## SOURCE DATA

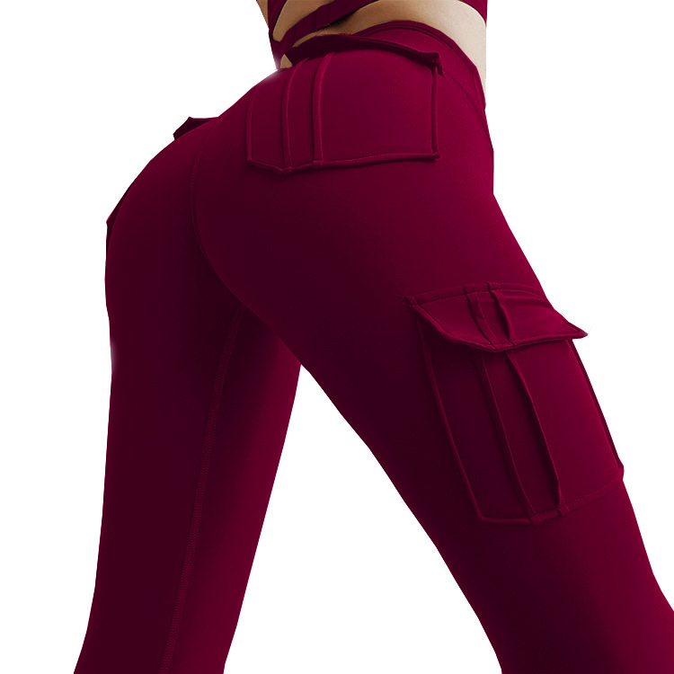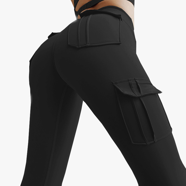 Multi-Pocket Military High Waist Ankle-Tied Four-Sided Elastic Peach Hip Sexy Highly Stretch Fitness Yoga Pants
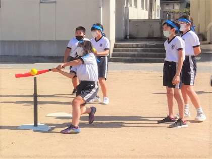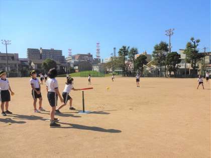 今日は、さわやかな晴天の下、グラウンドでティーボールをしました。
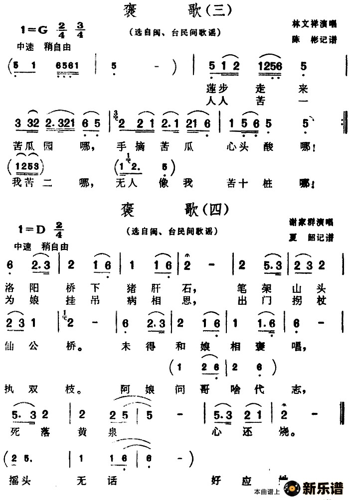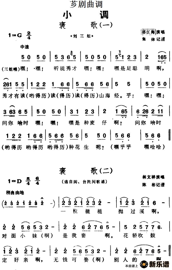 [芗剧曲调]褒歌(4首)/ 相关曲谱
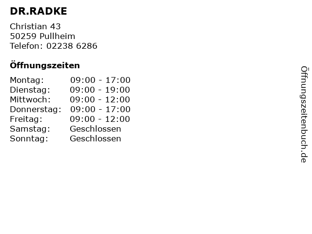 Öffnungszeiten DR.RADKE in Pullheim anzeigen | |
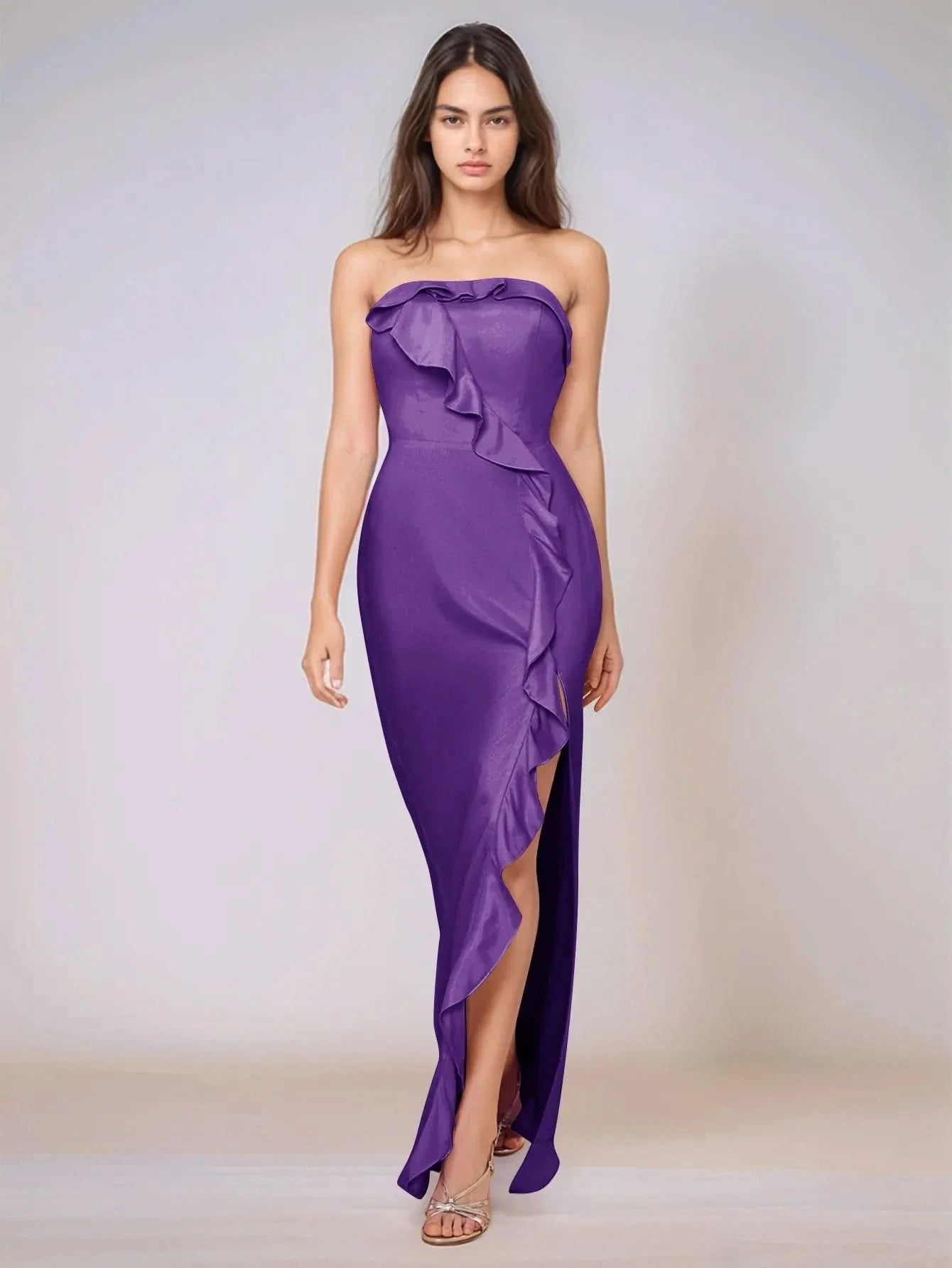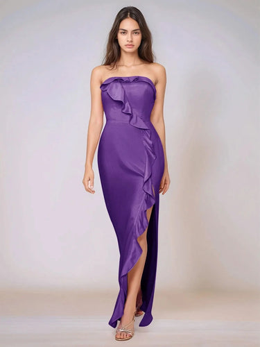 Ruffle Side Split Acetate Satin Bridesmaid Dress - Purple
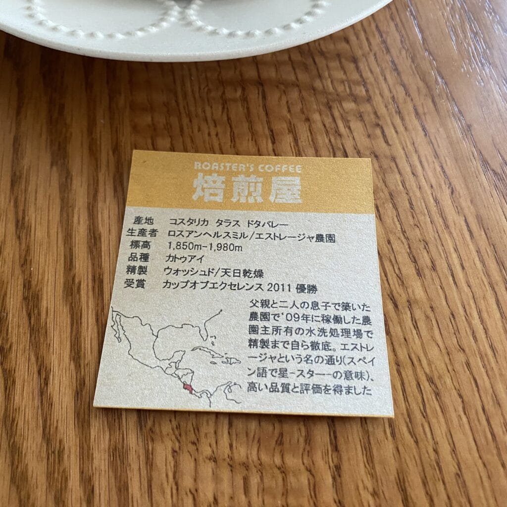 コスタリカの中深煎りを選びました。少し粗めに挽いて、お湯は沸騰させたあと、冷ましてから淹れるのがオススメとのこと!
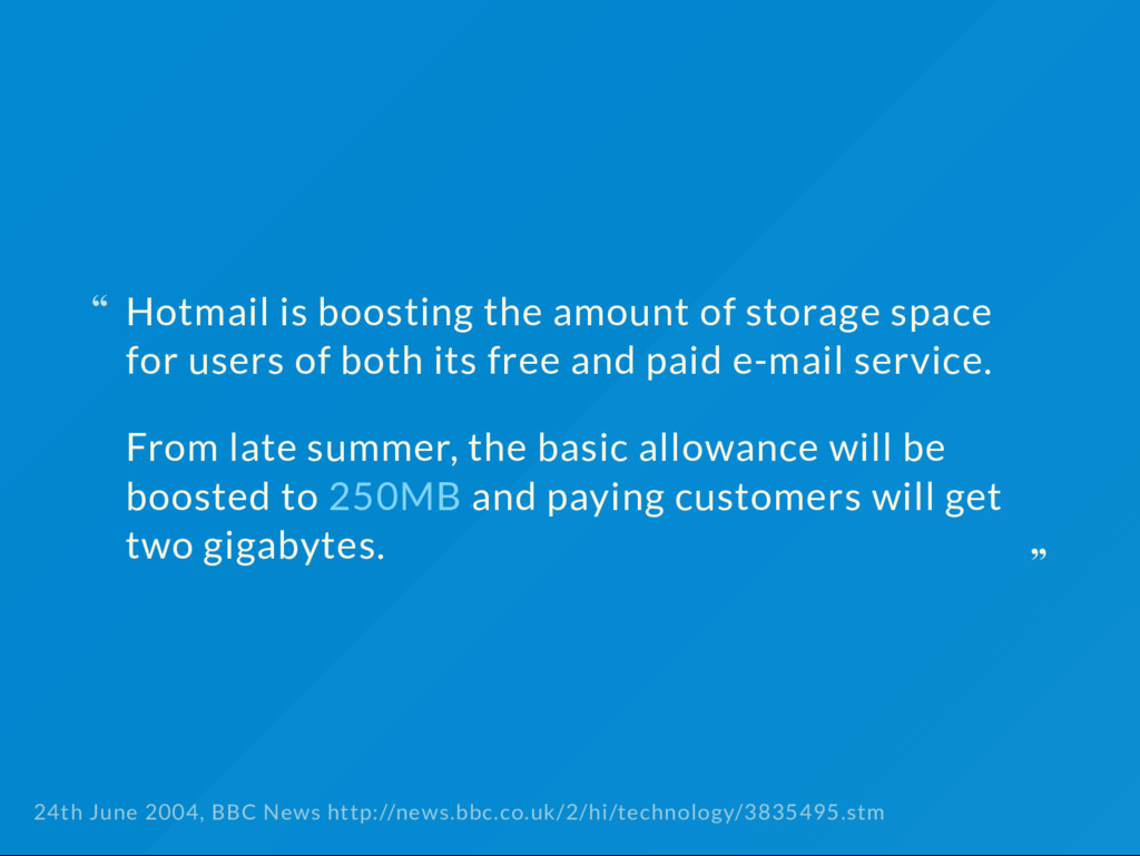 of both its free and paid e-mail service. From late summer, the basic allowance will be boosted to 250MB and paying customers will get two gigabytes. “ “ 24th June 2004, BBC News http://news.bbc.co.uk/2/hi/technology/3835495.stm
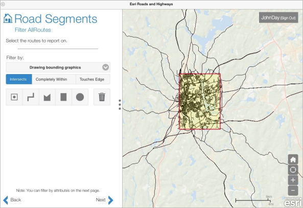 For selecting routes that intersect multiple polygons, complete the following steps.
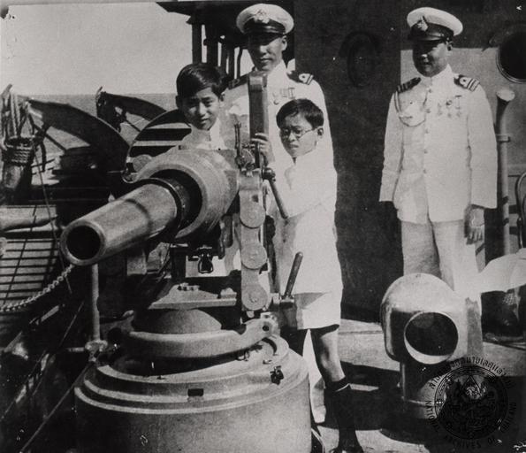 Keywords: Ananda Mahidol and Bhumibol Adulyadej 1939.01.13 (2).jpg th พระบาทสม ด็จพระ จ้าอยู่หัวอนันทมหิดล และสม ด็จพระ จ้าอยู่หัวภูมิพลอดุลย ดช ทรงสนพระทัยอยู่กับอาวุธปืนประจำ รือรบหลวงแม่กลอง ระหว่าง สด็จฯไปยัง รือซีแลนด์ ดีย ที่จอดอยู่ที่ กาะสีชัง มื่อวันที่ 13 มกราคม พ ศ 2482 1939-01-13 http //www finearts go th/nat/images/kingbhumibol/CFN01-P0017356-0000 jpg The National Archives of Thailand The National Archives of Thailand other versions Custom license marker 2016 10 20 PD-Thailand Photos of Ananda Mahidol Bhumibol Adulyadej in 1939 HTMS Maeklong |
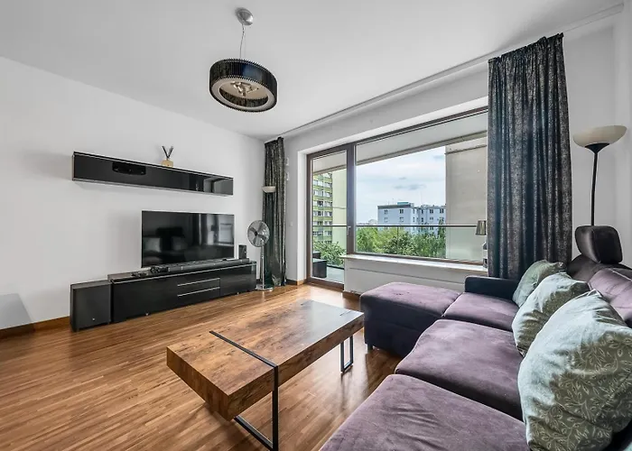 ワルシャワ国立美術館からほんの1.8kmにあるWarsaw Center Business Apt - Parking And Balcony - By Rentujemy は街路の景色を望むル-ムを提供します. このアパ-トは器具でいっぱいの台所に電子レンジ,電気ポット と冷蔵庫の他にバルコニ-,ソファ と座席を完備しています.
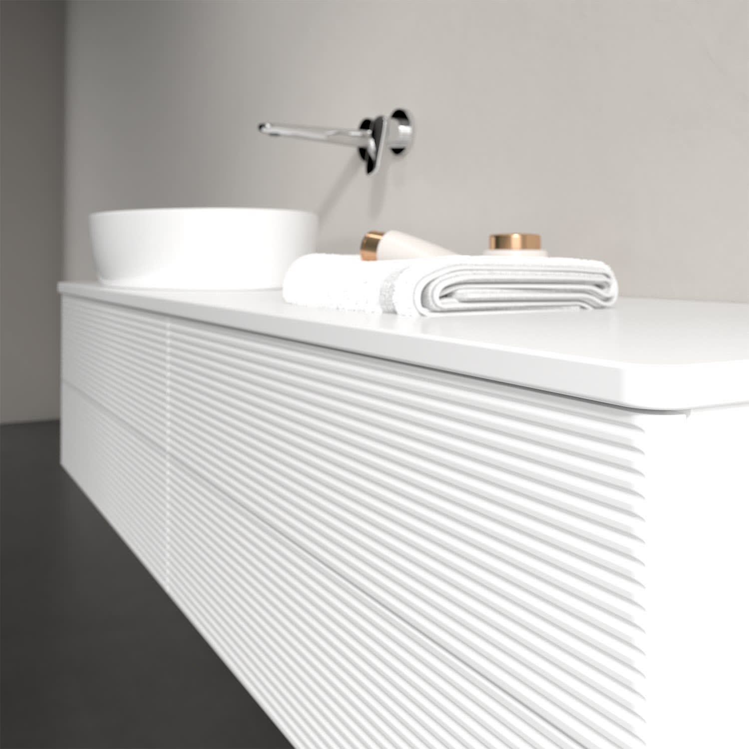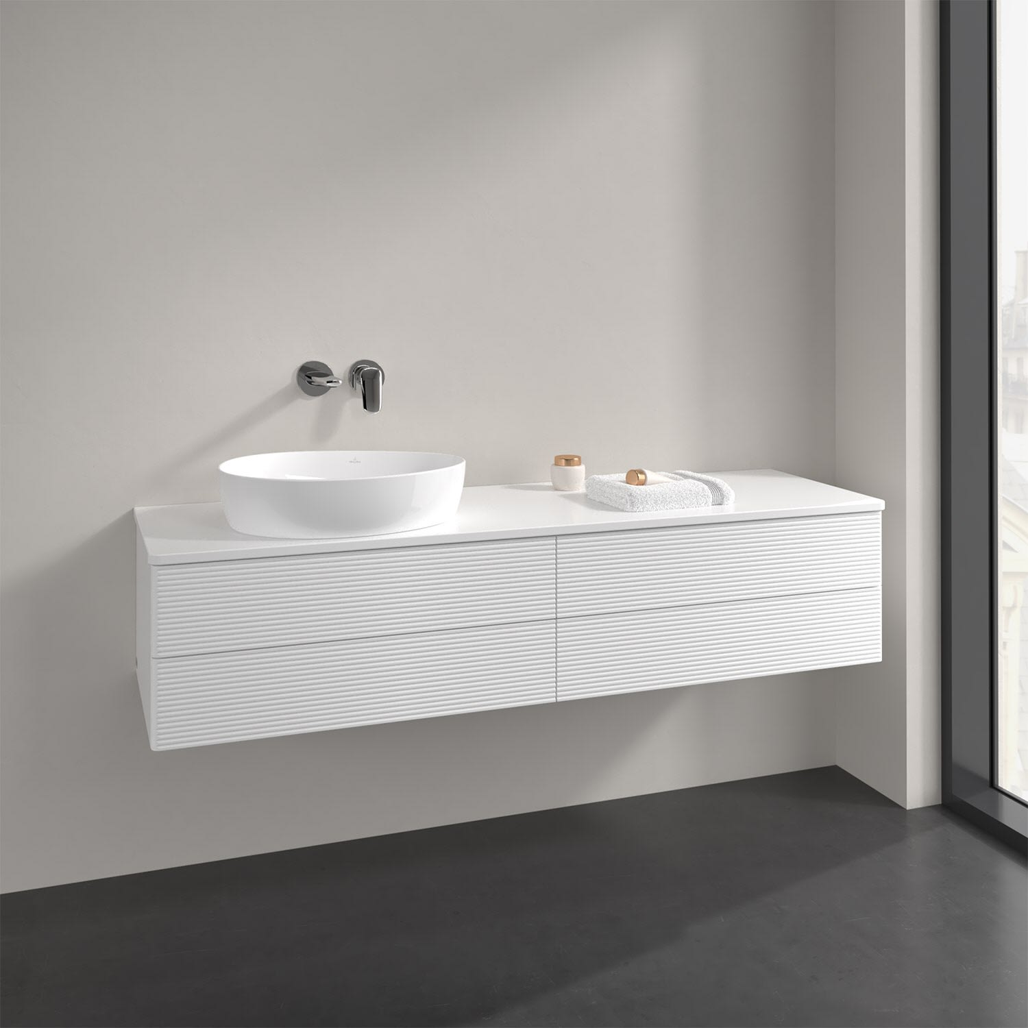 Der wandhängende Antao Waschtischunterschrank bietet mit seinen vier Auszügen und seiner erstaunlichen Größe viel Platz zum Verstauen von Utensilien im Badezimmer. Dank des seitlich platzierten Aufsatzwaschtischs gibt es daneben weiteren Platz für Handtücher, Seifenspender & Co. auf der Waschtischplatte. Inspiriert von der Natur überzeugt der Unterschrank auch optisch mit sanfter Formsprache und abgerundete Kanten. Die grifflosen Auszüge mit strukturierter Front sind mit der Push-to-Open Funktion ausgestattet und verfügen über einen Antirutschboden, damit Utensilien sicher verstaut werden können. Mit seiner Vollauszug- und Selbsteinzug-Funktion ist der Schrank praktisch und leicht zu bedienen. Qualität von Villeroy & Boch! Für eine besonders leichte Pflege sorgt die mehrschichtig deckend lackierte Oberfläche.
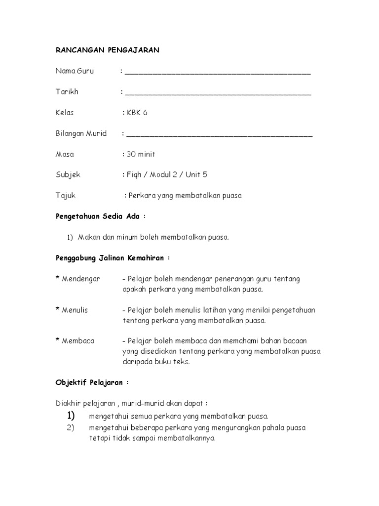 Rp Fiqeh Kbk 6 Perkara Yang Membatalkan Puasa Pdf
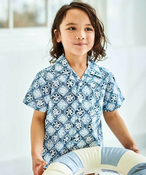 同じ柄を使用したボーイズTシャツ(1115-73143)とアンサンブルっぽく重ね着してもおしゃれです。
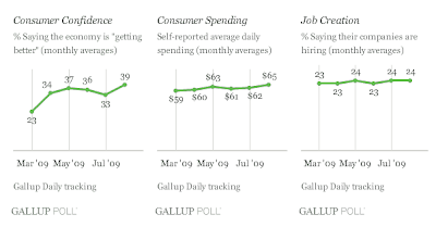 Gallup Daily economic data aggregated on a monthly basis show that job creation in August is just not taking place in the U.S. economy. While Gallup data for the month also show a slight moderation in job loss, this is not sufficient to take up the slack for a 35% decline in the rate of job creation compared to a year ago. And, while confidence in the future direction of the U.S. economy is at its highest level in 20 months, Gallup data also show a continued delinking of consumer spending -- which is down 33% from a year ago.Many think that consumer spending will return once job creation picks up. Actually, there is so much consumer debt, and for many, no reasonable way to service it, that consumer spending is likely to remain weak and defaults high even after unemployment starts inching back down.
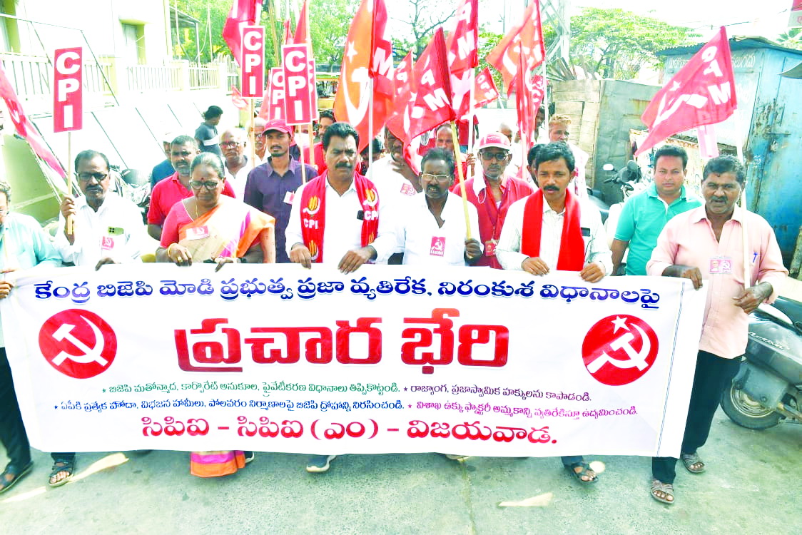 ప్రజాశక్తి-భవానీపురం: కేంద్రంలోని బిజెపి పాలనలో దేశ భవిష్యత్తు అంథకారంగా మారిందని సిపిఐ నగర కార్యదర్శి జి.కోటేశ్వరరావు, సిపిఎం పశ్చిమ సిటీ కార్యదర్శి బోయి సత్యబాబు అన్నారు. సిపిఐ, సిపిఎం ఆధ్వర్యంలో నిర్వహిస్తున్న ప్రచారభేరి కార్యక్రమంలో మంగళవారం భవానీపురం బ్యాంక్ సెంటరు వద్ద నిర్వహించారు. ఈ సందర్భంగా వారు మాట్లాడుతూ కేంద్రంలోని నరేంద్ర మోడీ ప్రభుత్వం రాజ్యాంగం ఇచ్చిన హక్కులకు తూట్లు పొడుస్తుందన్నారు. ప్రశ్నించే వారి గొంతు నొక్కుతున్నారన్నారు. పార్లమెంట్లో అదానీ అంశంపై సమాధానం చెప్పమన్నందుకు రాహుల్ గాంధీ పార్లమెంట్ సభ్యత్వం రద్దు చేయడంతో పాటు, నివాసం కూడా ఖాళీ చేయటం దుర్మార్గమని ధ్వజమెత్తారు. ప్రజా సంపదను కార్పొరేట్లకు కారుచౌకగా కట్టబెడుతున్నారన్నారు. ఈ కార్యక్రమంలో సిపిఐ నాయకులు పంచదార్ల దుర్గాంబ, కొట్టు రమణారావు, తూనం వీరయ్య, బుద్దే రాజ, ఓర్సు భారతి, చింతాడ పార్వతి, దుర్గాసి రమణమ్మ, డి పుష్ప, ఎం.సాయికుమార్, టి.పూర్ణయ్య, బి.రవి కుమార్, ఏర్రసాని జొసఫ్, రంగారావు, సిపిఎం నాయకులు ఇ.వి.నారాయణ, ఎస్.సుబ్బారెడ్డి, బి.అచేశ్వరావు, శంకర్, కె. సూరిబాబు, కష్ణారెడ్డి, వెంకట్రావు (చౌదరి), మురళి తదితరులు పాల్గొన్నారు.

## DESCRIPTION OF THE TASK
When you copy the records above, keep every word exact but leave out the pictures.

## EXPECTED ANSWER
 Multi-Pocket Military High Waist Ankle-Tied Four-Sided Elastic Peach Hip Sexy Highly Stretch Fitness Yoga Pants
 今日は、さわやかな晴天の下、グラウンドでティーボールをしました。
 [芗剧曲调]褒歌(4首)/ 相关曲谱
 Öffnungszeiten DR.RADKE in Pullheim anzeigen | |
 Ruffle Side Split Acetate Satin Bridesmaid Dress - Purple
 コスタリカの中深煎りを選びました。少し粗めに挽いて、お湯は沸騰させたあと、冷ましてから淹れるのがオススメとのこと!
 of both its free and paid e-mail service. From late summer, the basic allowance will be boosted to 250MB and paying customers will get two gigabytes. “ “ 24th June 2004, BBC News http://news.bbc.co.uk/2/hi/technology/3835495.stm
 For selecting routes that intersect multiple polygons, complete the following steps.
 Keywords: Ananda Mahidol and Bhumibol Adulyadej 1939.01.13 (2).jpg th พระบาทสม ด็จพระ จ้าอยู่หัวอนันทมหิดล และสม ด็จพระ จ้าอยู่หัวภูมิพลอดุลย ดช ทรงสนพระทัยอยู่กับอาวุธปืนประจำ รือรบหลวงแม่กลอง ระหว่าง สด็จฯไปยัง รือซีแลนด์ ดีย ที่จอดอยู่ที่ กาะสีชัง มื่อวันที่ 13 มกราคม พ ศ 2482 1939-01-13 http //www finearts go th/nat/images/kingbhumibol/CFN01-P0017356-0000 jpg The National Archives of Thailand The National Archives of Thailand other versions Custom license marker 2016 10 20 PD-Thailand Photos of Ananda Mahidol Bhumibol Adulyadej in 1939 HTMS Maeklong |
 ワルシャワ国立美術館からほんの1.8kmにあるWarsaw Center Business Apt - Parking And Balcony - By Rentujemy は街路の景色を望むル-ムを提供します. このアパ-トは器具でいっぱいの台所に電子レンジ,電気ポット と冷蔵庫の他にバルコニ-,ソファ と座席を完備しています.
 Der wandhängende Antao Waschtischunterschrank bietet mit seinen vier Auszügen und seiner erstaunlichen Größe viel Platz zum Verstauen von Utensilien im Badezimmer. Dank des seitlich platzierten Aufsatzwaschtischs gibt es daneben weiteren Platz für Handtücher, Seifenspender & Co. auf der Waschtischplatte. Inspiriert von der Natur überzeugt der Unterschrank auch optisch mit sanfter Formsprache und abgerundete Kanten. Die grifflosen Auszüge mit strukturierter Front sind mit der Push-to-Open Funktion ausgestattet und verfügen über einen Antirutschboden, damit Utensilien sicher verstaut werden können. Mit seiner Vollauszug- und Selbsteinzug-Funktion ist der Schrank praktisch und leicht zu bedienen. Qualität von Villeroy & Boch! Für eine besonders leichte Pflege sorgt die mehrschichtig deckend lackierte Oberfläche.
 Rp Fiqeh Kbk 6 Perkara Yang Membatalkan Puasa Pdf
 同じ柄を使用したボーイズTシャツ(1115-73143)とアンサンブルっぽく重ね着してもおしゃれです。
 Gallup Daily economic data aggregated on a monthly basis show that job creation in August is just not taking place in the U.S. economy. While Gallup data for the month also show a slight moderation in job loss, this is not sufficient to take up the slack for a 35% decline in the rate of job creation compared to a year ago. And, while confidence in the future direction of the U.S. economy is at its highest level in 20 months, Gallup data also show a continued delinking of consumer spending -- which is down 33% from a year ago.Many think that consumer spending will return once job creation picks up. Actually, there is so much consumer debt, and for many, no reasonable way to service it, that consumer spending is likely to remain weak and defaults high even after unemployment starts inching back down.
 ప్రజాశక్తి-భవానీపురం: కేంద్రంలోని బిజెపి పాలనలో దేశ భవిష్యత్తు అంథకారంగా మారిందని సిపిఐ నగర కార్యదర్శి జి.కోటేశ్వరరావు, సిపిఎం పశ్చిమ సిటీ కార్యదర్శి బోయి సత్యబాబు అన్నారు. సిపిఐ, సిపిఎం ఆధ్వర్యంలో నిర్వహిస్తున్న ప్రచారభేరి కార్యక్రమంలో మంగళవారం భవానీపురం బ్యాంక్ సెంటరు వద్ద నిర్వహించారు. ఈ సందర్భంగా వారు మాట్లాడుతూ కేంద్రంలోని నరేంద్ర మోడీ ప్రభుత్వం రాజ్యాంగం ఇచ్చిన హక్కులకు తూట్లు పొడుస్తుందన్నారు. ప్రశ్నించే వారి గొంతు నొక్కుతున్నారన్నారు. పార్లమెంట్లో అదానీ అంశంపై సమాధానం చెప్పమన్నందుకు రాహుల్ గాంధీ పార్లమెంట్ సభ్యత్వం రద్దు చేయడంతో పాటు, నివాసం కూడా ఖాళీ చేయటం దుర్మార్గమని ధ్వజమెత్తారు. ప్రజా సంపదను కార్పొరేట్లకు కారుచౌకగా కట్టబెడుతున్నారన్నారు. ఈ కార్యక్రమంలో సిపిఐ నాయకులు పంచదార్ల దుర్గాంబ, కొట్టు రమణారావు, తూనం వీరయ్య, బుద్దే రాజ, ఓర్సు భారతి, చింతాడ పార్వతి, దుర్గాసి రమణమ్మ, డి పుష్ప, ఎం.సాయికుమార్, టి.పూర్ణయ్య, బి.రవి కుమార్, ఏర్రసాని జొసఫ్, రంగారావు, సిపిఎం నాయకులు ఇ.వి.నారాయణ, ఎస్.సుబ్బారెడ్డి, బి.అచేశ్వరావు, శంకర్, కె. సూరిబాబు, కష్ణారెడ్డి, వెంకట్రావు (చౌదరి), మురళి తదితరులు పాల్గొన్నారు.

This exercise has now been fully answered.